Correct way to free memory in C

Question

so I'm trying to understand the whole concept of memory management in C and I was given this code:

int main(int argc, int *argv[]) {
  item *x = NULL;
  x = (item *) malloc (sizeof(item));

  ...

  free_item(&x);
}

void free_item(item **x) {
  free(*x);
  *x = NULL;
}

where item is earlier defined structure. The point, where I get confused is free_item(&x); because when I write free_item(x); and change the function to:

void free_item(item *x) {
  free(x);
  x = NULL;
}

the code seems to work the same way as the previous one.

So, is there any difference? And if not, is there any reason, why would someone send an adress on a pointer of a structure to a function, which frees this structure?

Answer 1

Yes. First, I think there's a typo in your modified function. It should be:

void free_item(item *x) {
  free(x);
  x = NULL;
}

Now, for the differences. The free call will succeed, as all it expects is a "pointer-to-type" variable for data which is allocated dynamically on the heap.

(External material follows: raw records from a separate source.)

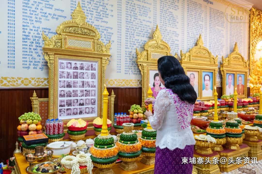 在寺庙中,洪森亲王夫妇及其家人向僧侣献上鲜花、蜡烛、香及其他供品,并一同为亡故的亲友诵经回向。
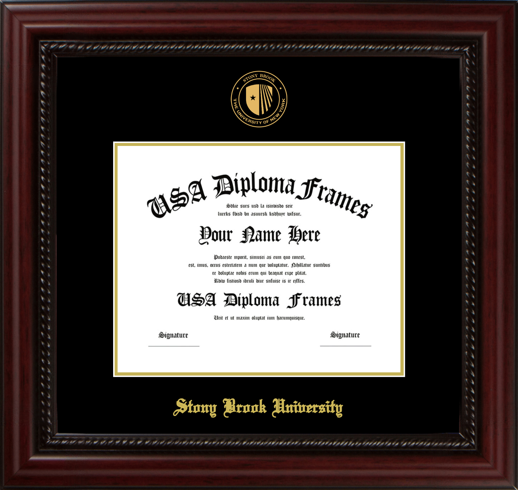 Stony Brook University Diploma Frame – Executive Cherry Rope – Black and Gold Mat
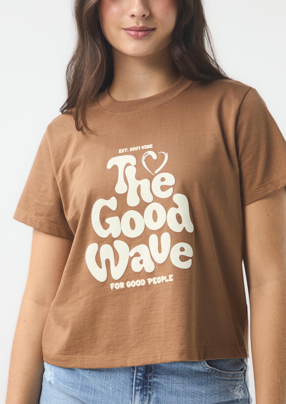 Camiseta de manga corta, color chocolate, estampada en frente y cuello redondo para jóvenes.
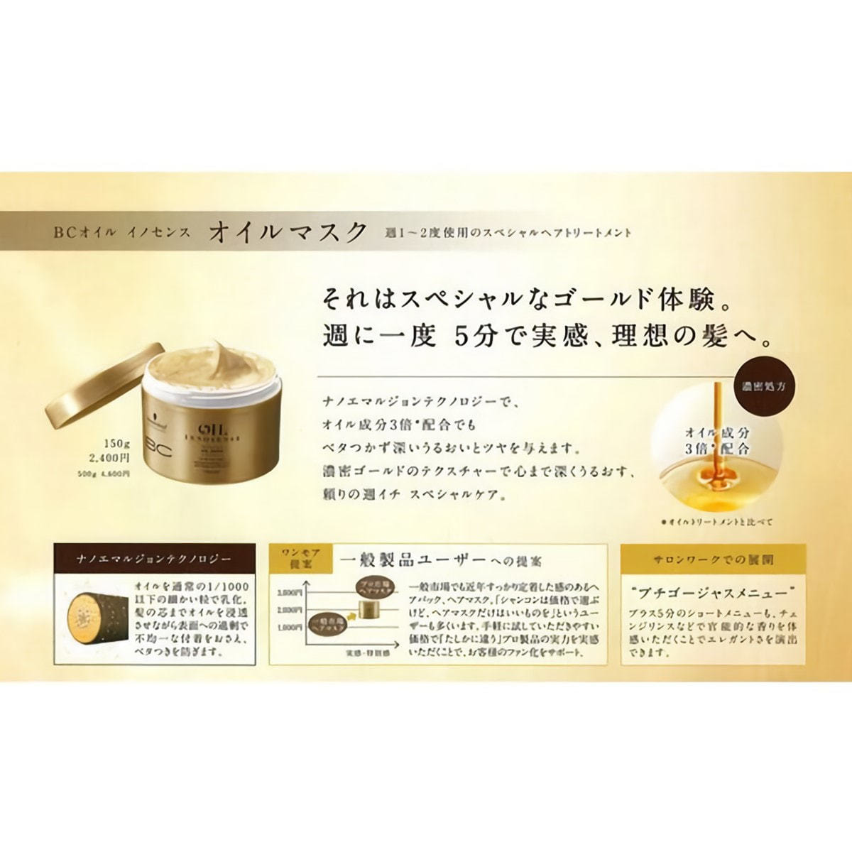 濃密ゴールドのテクスチャーで心まで深くうるおす、頼りの週1スペシャルケア。 集中ケア用のトリートメントとして、ホームケアにご使用ください。

The second part, x = NULL, will not work as expected. Remember, in C, when passing an argument to a function, we pass by value always, never by reference. You are being passed a copy of a variable, so x = NULL just sets a temporarily automatically allocated copy of x to NULL, not the actual variable passed as an argument.

The original function which you changed does both parts correctly.